Apart from showcasing Malaysia’s diverse cuisine, the chefs engage with the audience by answering any cooking questions during the broadcasts.
Queen Azizah’s two cookbooks, traditional dishes of Pahang and traditional sweets of Pahang, are compilations of vintage recipes from her home state of Pahang that were in danger of being lost to future generations.
They represent the diversity of Malaysia, with contributions from various communities including the Malays, the Chinese, the Indians and even the natives, or the Orang Asli, deep in the jungles of Pahang.
The entire production of the books was funded by the legacy left by the Queen's late father, Sultan Iskandar of Johor, and all proceeds from their sales go to Tunku Azizah Fertility Foundation, a foundation she set up over 15 years ago, which funds IVF treatment for couples.

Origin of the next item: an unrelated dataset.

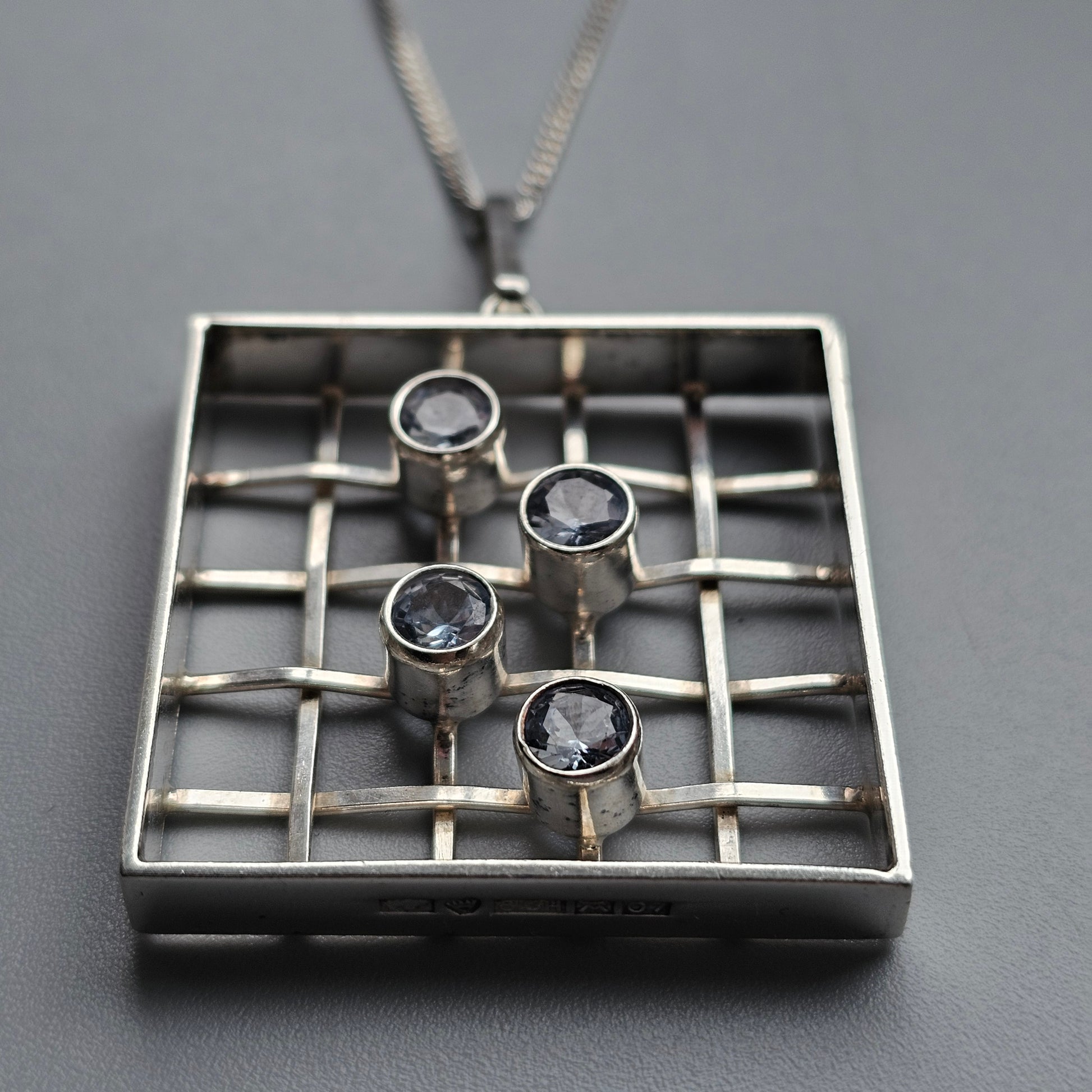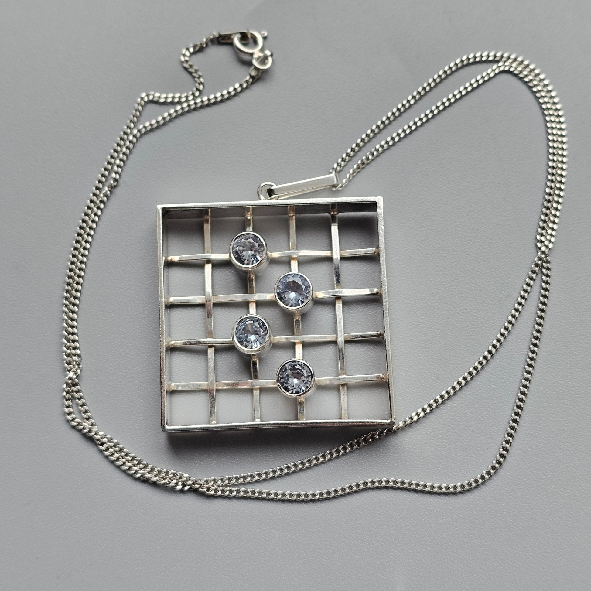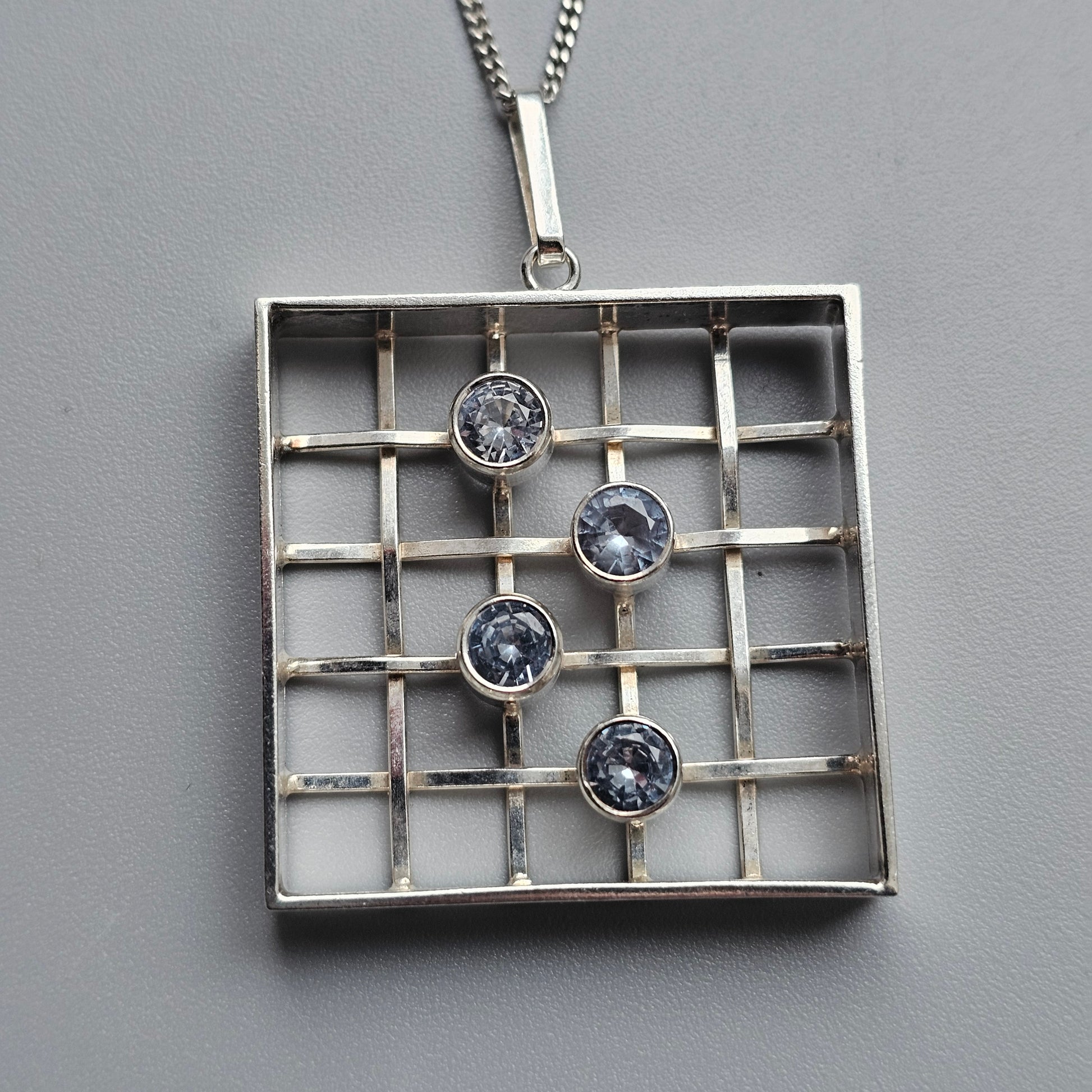 A vintage Finnish modernist silver pendant from the late 1960s, designed and made by Kultaseppä Salovaara. The pendant features a grid-like openwork structure with five bezel-set lab-created blue spinel stones. The geometric layout and clean lines give it a distinct mid-century Scandinavian feel.

Queen Azizah’s interest in cooking pairs with her interest in traditional craft, in particular Tenun Pahang (Pahang Weave).
The plates of food in her book are all placed on Tenun Pahang DiRaja, a handwoven textile that was a dying art in Pahang until she travelled throughout the state to preserve it.
She gathered the remaining handful of old weavers, documented all the techniques into a curriculum, and set up a training institute in Pahang to train a new generation of weavers in this craft.